Mr. Chi Keung Lee (Ken C. K. Lee) obtained his bachelor and MPhil degrees both in computing from the Hong Kong Polytechnic University. Before starting his PhD study in the Pennsylvania State University in Fall 2004, he worked as a project engineer in the Center for Innovation and Technology, the Chinese University of Hong Kong and as a research associate in the Department of Computing, the Hong Kong Polytechnic University.

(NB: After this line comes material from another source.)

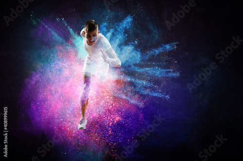 Fototapeta premium Portrait of a fitness man running on a colourful background

In the five years of his PhD program, Ken C. K. Lee completed all required course works within the first two academic years and passed the PhD candidacy examination in his first semester in Pennsylvania State University. He also passed both the English proficiency test and the comprehensive examination by the end of the second year. He coauthored more than twenty research papers, some of which were published in prestigious conference proceedings and journals. He gave talks, presentations and demonstrations about his latest research results to the research community and the general public. He also provided professional services as external reviewers for conferences (such as ICDCS, ICDE, MDM, etc.) and journals (such as TKDE) and as assistants for conference organizations (including CIKM, INFOSCALE, MDM, etc). In the later years of his PhD program, he mentored several junior members of his research group, including three students in the MS/MEng programs, an exchange PhD student, and two novice PhD students. He was the recipient of the research assistant award in the Department of Computer Science and Engineering, the Pennsylvania State University in 2007. He also received industrial awards for his innovative software applications, among which, the First Prize and the Most Useful Widget in Yahoo! Widget Contest in 2007 and the Second Runner- up in Cisco IP Phone Application Competition (HK) in 2003. He is currently a student member of the ACM and the IEEE.